Lo cierto es que, producido el desenlace, era dable esperar que las calidades del así electo, George Bush Júnior, fueran tan altas como para compensar las deficiencias de su designación. Las monarquías de derecho divino que precedieron a las democracias eran una lotería, pero de tanto en tanto la sucesión recaía en un déspota ilustrado y capaz.
Lamentablemente, esta vez no hubo suerte, porque el ganador está lejos de ser un dechado de virtudes. Muy por el contrario, en su biografía, publicada en estos días en los diarios, encontramos una variada gama de pecados, inapropiada para quien se ofrecía como salvador moral de la Nación para reemplazar a Bill Clinton en el Salón Oval. Es verdad que, relatan los biógrafos, el pecador encontró su redención en un encuentro con el más grande predicador de los Estados Unidos, Billy Graham. Pero no lo es menos que, después de tanto andar por la vida, la autoridad espiritual de Graham y su capacidad de lavar pecados quedaron algo disminuidas.
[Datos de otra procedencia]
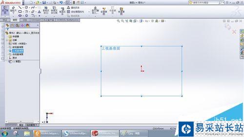 2、在上視圖上右鍵,點擊“草圖繪制”命令,開始繪制草圖,為了重點說明怎么添加材料,本經驗隨便畫一個邊角矩形,標注尺寸如圖所示,然后退出草圖。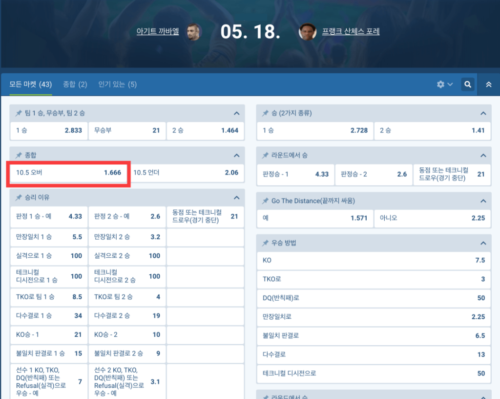 배팅을 진행할 경기를 선택했다면 사이트로 이동하여 배당 변동이 없는지 확인하는 절차가 필요합니다. 복싱 경기는 다른 경기에 비해 경기규칙이 단조롭기때문에 양방배팅 실수없이 비교적 편하게 양방배팅을 진행할 수 있습니다. 이 경기는 TOTAL 10.5 언더 오버 배팅 기준의 양방이며, 복싱에서의 언더오버는 라운드를 뜻합니다. 양방사이트 1xBET은 10.5 오버 1.67 배당인데, 11라운드 또는 12라운드까지 경기가 진행된다는 예측이 정배이고, 피나클은 10라운드 이전에 경기가 끝난다는 예측이 2.7 역배인것을 보면 12라운드 판정까지 진행될 확률이 높은경기라 할 수 있습니다. 하지만 양방배팅에서는 경기결과와 관계없이 확정수익이 발생하기때문에 분석의 필요는 없습니다.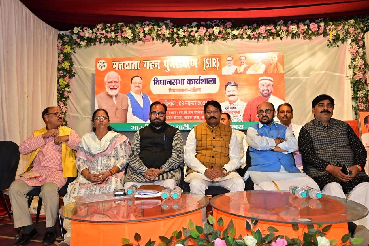आगरा। भारतीय जनता पार्टी दक्षिण विधानसभा की विधानसभा विशेष गहन पुनरीक्षण (एसआईआर) कार्यशाला शनिवार को हरीपर्वत स्थित एच.डी. जैन इंटर कॉलेज सभागार में आयोजित की गई। कार्यक्रम में आगामी मतदाता पुनरीक्षण अभियान को लेकर विस्तृत रूपरेखा तय की गई, जिसमें बूथ स्तर तक कार्यकर्ताओं की सक्रिय भागीदारी पर जोर दिया गया। कार्यशाला का शुभारंभ भाजपा महानगर अध्यक्ष राजकुमार गुप्ता और मुख्य वक्ता प्रदेश के उच्च शिक्षा मंत्री योगेंद्र उपाध्याय ने पंडित दीनदयाल उपाध्याय, डॉ. श्यामा प्रसाद मुखर्जी और भारत माता के चित्र के समक्ष दीप प्रज्वलित कर किया।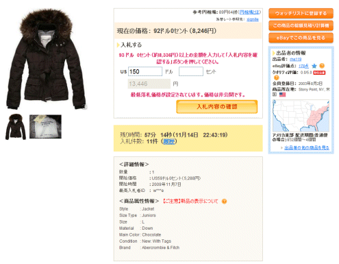 まずは、入札したい・チェックしたい商品のページを開きます。 |
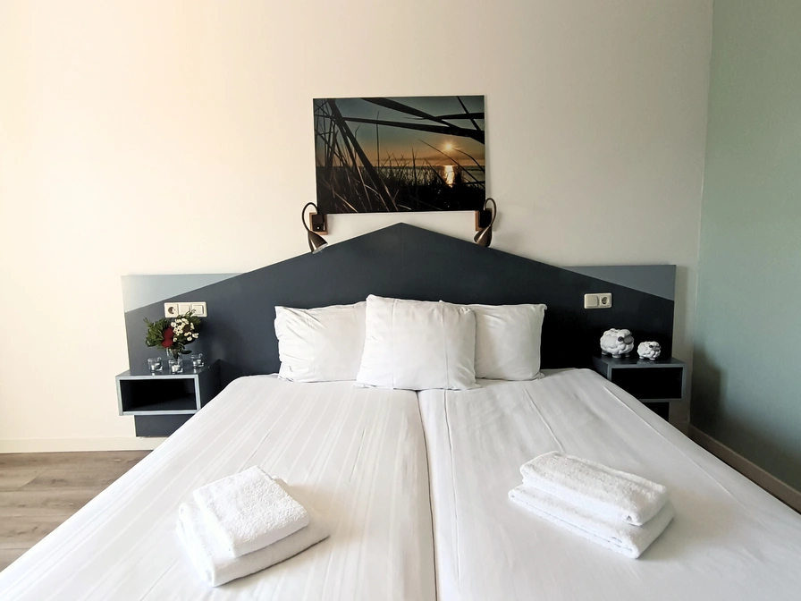 Deze tweepersoonskamer met 2 losse eenpersoonsbedden (extra lang), een flatscreen tv, een kledingkast, een bureau, kluisje en een zitje. Je beschikt over een eigen waterkoker en koffiezetapparaat. De kamer heeft een badkamer met douche, wastafel en toilet.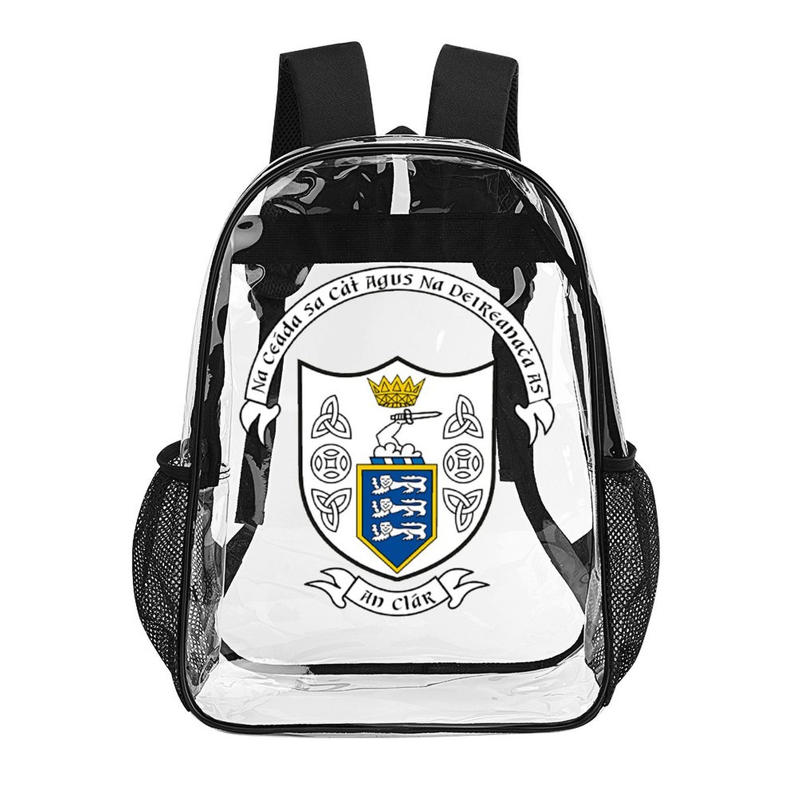 Show your pride for Clare GAA with this stylish and durable backpack, perfect for both casual wear and supporting your county team. Made from high-quality, water-resistant PVC material, this clear backpack features the iconic Clare crest, adorned with the county’s traditional symbols that represent the proud history and heritage of Clare. With its spacious interior that fits laptops up to 16 inches and practical side pockets, this backpack is both functional and fashionable.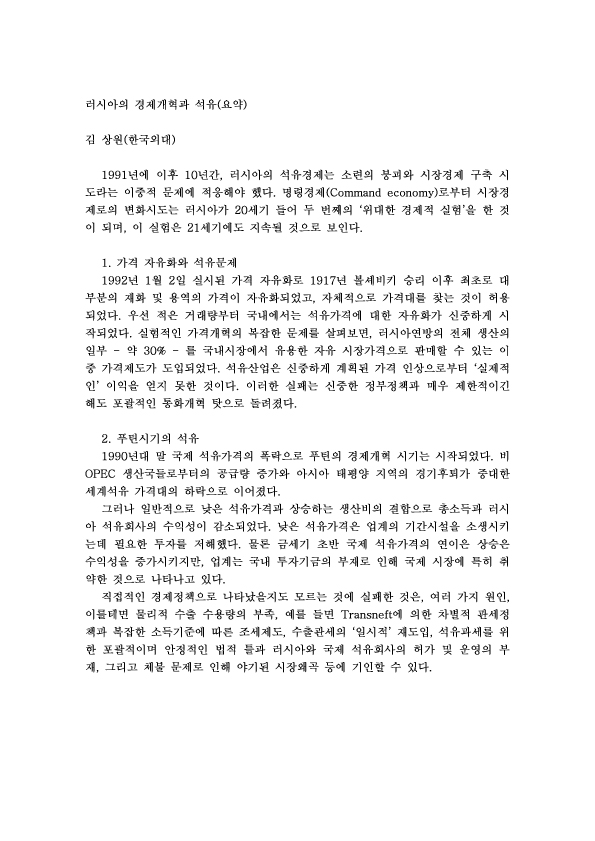 제50차 러시아의 경제개혁과 석유 외 1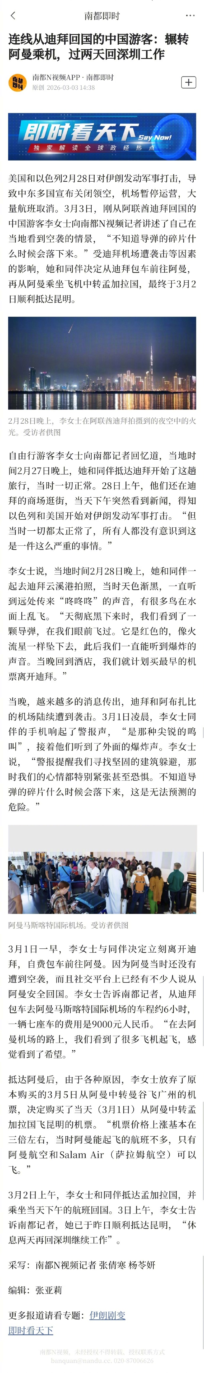 #中国女游客花9000块包车撤离迪拜#【连线从迪拜回国的中国游客:辗转阿曼乘机,过两天回深圳工作】#阿曼中转回中国机票涨价三倍#美国和以色列2月28日对伊朗发动军事打击,导致中东多国宣布关闭领空,机场暂停运营,大量航班取消。3月3日,刚从阿联酋迪拜回国的中国游客李女士向南都N视频记者讲述了自己在当地看到空袭的情景,“不知道导弹的碎片什么时候会落下来。”受迪拜机场遭袭击等因素的影响,她和同伴决定从迪拜包车前往阿曼,再从阿曼乘坐飞机中转孟加拉国,最终于3月2日顺利抵达昆明。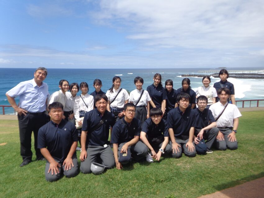 その後、ポイントデンジャーにて、クラスの集合写真を撮りました。生徒は、高台の展望スポットから、見晴らしのいい景色を見て、記念撮影をしていました。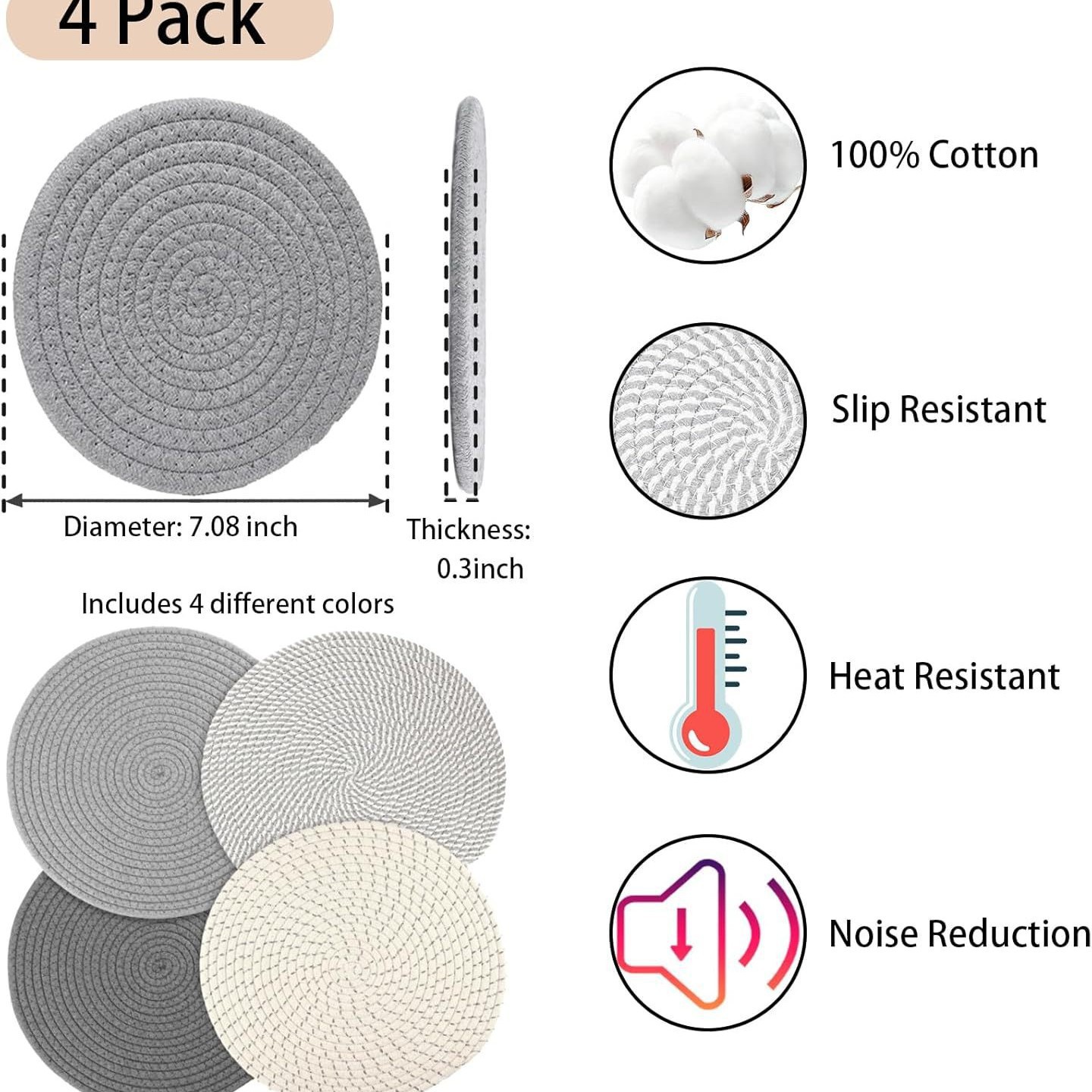 国境を越えた綿ロープの食事マット8点セット棚付き家庭用綿線テーブル断熱マット防汚マット鍋マット

En la Argentina, después de los escándalos en el Senado, no habla bien de un candidato a la Casa Blanca que su carrera haya sido “tapizada por más de cien millones de dólares que supo recaudar con facilidad entre sus amigos petroleros”.
Esa relación con los petroleros no le sirvió, sin embargo, para ser un empresario exitoso. Su primera empresa petrolera, Arbusto, estuvo al borde de la quiebra y no cayó al abismo porque la salvó un amigo. A la segunda, Spectrum, que era lo más parecido a un espectro con una deuda de tres millones de dólares, la compró otra compañía que, seguramente por quedar bien con su padre, que ya era vicepresidente y había iniciado su campaña para la presidencia, le dio un empleo.
En su juventud estuvo más cerca del alcohol que del idealismo estudiantil. Mientras muchos de sus compañeros de Yale manifestaban contra la guerra en Vietnam, él recalaba en los bares y apenas alcanzaba notas mediocres en su carrera. Se las arregló para no ir a combatir en Vietnam enrolándose como piloto en la Guardia Nacional de Texas.
De que no es un humanista dan cuenta también las 135 ejecuciones que se produjeron en Texas durante su gobierno. El, no obstante, quiere a Jesús, porque, dijo, “cambió mi corazón”. Fue cuando tuvo la ayuda de Graham.
Antes del encuentro redentor con el predicador, el presidente electo carecía de condiciones que lo hicieran recomendable para, siquiera, ser miembro de una sociedad vecinal. Era alcohólico, tenía un arresto por un robo menor y existían dudas sobre su relación con el consumo de drogas.
Se dirá que, a pesar de todo, George W. Bush es un hombre culto. Pero tampoco. Los cronistas dicen que no es un ideólogo, ni un intelectual, y lo comparan con Carlos Menem, de quien es amigo. Durante la campaña se mofaron de él porque cometió errores gruesos al hablar de política exterior. Por ejemplo, confundió a Eslovaquia con Eslovenia, y llamó a los griegos “grecianos”. Pero, como Menem, convirtió en virtudes esos defectos, porque se acercó así al americano común que lo tuvo como uno de los suyos.
Como la esperanza es lo último que se pierde, no faltarán quienes crean que, ya en el ejercicio de la presidencia, Bush pueda remontar sus carencias. Si bien algunos de sus predecesores son para olvidar, hay otros que honraron el cargo que podrían servirle de ejemplo. Pero no hay que hacerse demasiadas ilusiones. Como lo advierte este diario en el final de un editorial de anteayer, “los comprometidos con la libertad de buena parte del mundo acaban de recibir un golpe bajo pero, por desgracia, no hay motivos para creer que Bush y sus amigos tengan interés alguno en mitigarlo”.